┌─ RECORDS

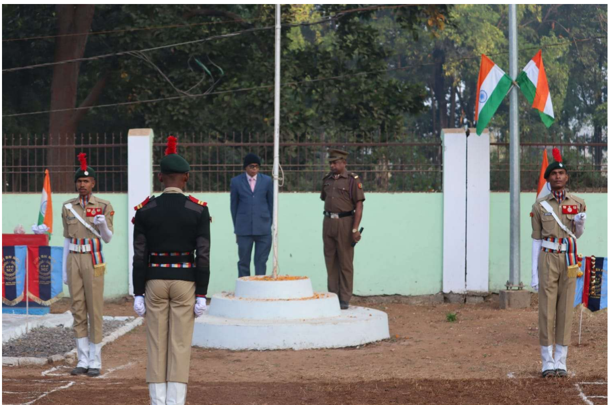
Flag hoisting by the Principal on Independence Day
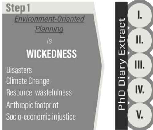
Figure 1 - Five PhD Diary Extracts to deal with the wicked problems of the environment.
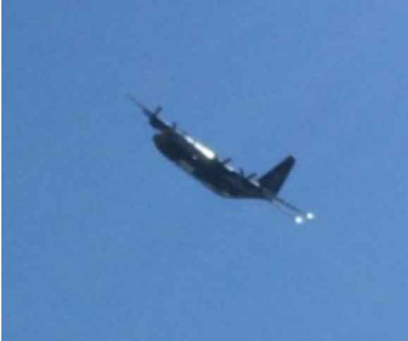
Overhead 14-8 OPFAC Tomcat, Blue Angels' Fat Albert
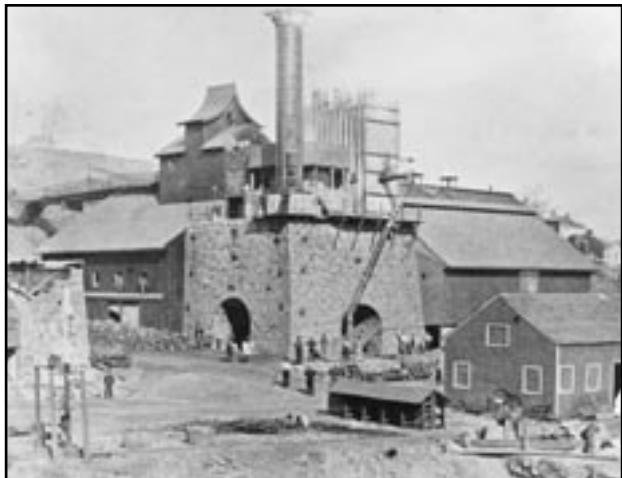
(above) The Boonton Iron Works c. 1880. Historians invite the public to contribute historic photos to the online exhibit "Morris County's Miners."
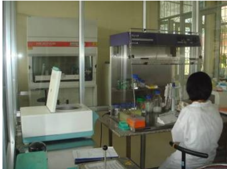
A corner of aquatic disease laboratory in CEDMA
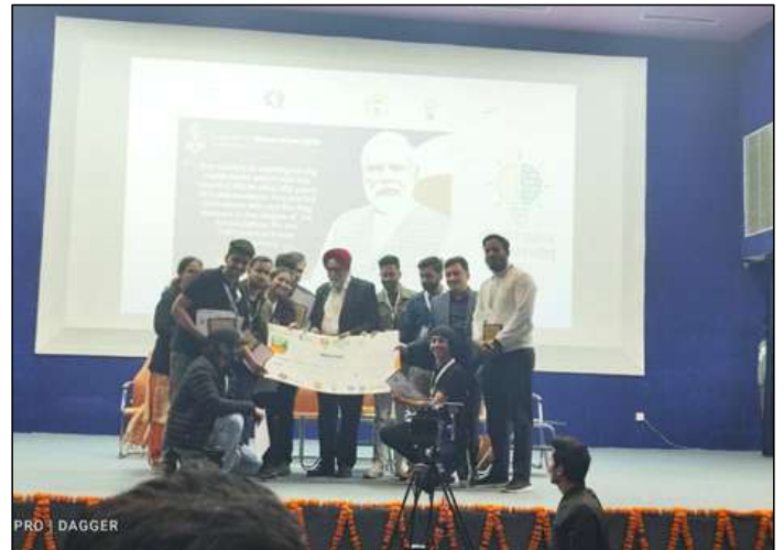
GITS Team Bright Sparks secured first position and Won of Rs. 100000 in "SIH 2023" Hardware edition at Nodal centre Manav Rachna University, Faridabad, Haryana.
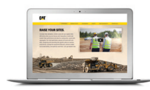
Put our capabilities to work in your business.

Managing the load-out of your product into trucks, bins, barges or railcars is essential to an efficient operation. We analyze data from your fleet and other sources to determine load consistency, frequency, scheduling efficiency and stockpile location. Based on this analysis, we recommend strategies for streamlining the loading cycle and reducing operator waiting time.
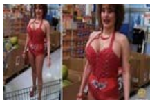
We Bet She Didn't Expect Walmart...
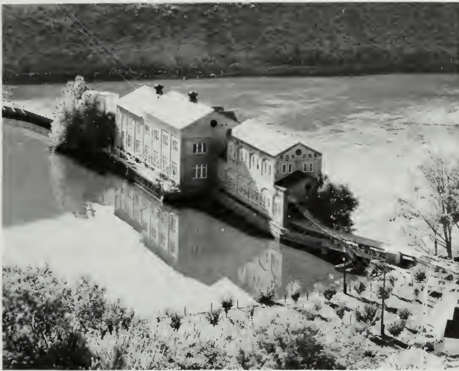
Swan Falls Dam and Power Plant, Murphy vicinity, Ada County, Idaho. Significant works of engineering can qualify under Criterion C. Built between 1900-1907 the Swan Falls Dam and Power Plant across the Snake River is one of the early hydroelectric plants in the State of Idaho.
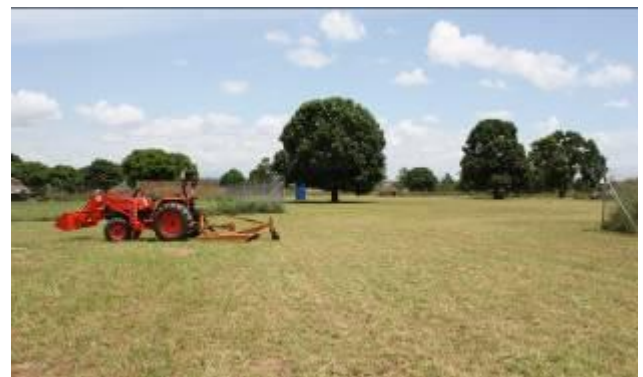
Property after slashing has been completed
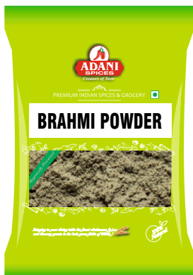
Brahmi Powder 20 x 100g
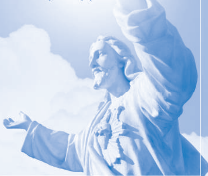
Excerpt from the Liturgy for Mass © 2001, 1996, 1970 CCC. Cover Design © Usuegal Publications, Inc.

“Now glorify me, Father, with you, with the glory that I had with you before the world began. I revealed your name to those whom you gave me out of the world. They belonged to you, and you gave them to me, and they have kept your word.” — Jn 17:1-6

└─

TASK:
Write out word for word every line from the line with "We Bet She Didn't Expect Walmart..." through the final line of the records, both included, skipping the pictures.

TASK SOLUTION:
We Bet She Didn't Expect Walmart...
Swan Falls Dam and Power Plant, Murphy vicinity, Ada County, Idaho. Significant works of engineering can qualify under Criterion C. Built between 1900-1907 the Swan Falls Dam and Power Plant across the Snake River is one of the early hydroelectric plants in the State of Idaho.
Property after slashing has been completed
Brahmi Powder 20 x 100g
Excerpt from the Liturgy for Mass © 2001, 1996, 1970 CCC. Cover Design © Usuegal Publications, Inc.

“Now glorify me, Father, with you, with the glory that I had with you before the world began. I revealed your name to those whom you gave me out of the world. They belonged to you, and you gave them to me, and they have kept your word.” — Jn 17:1-6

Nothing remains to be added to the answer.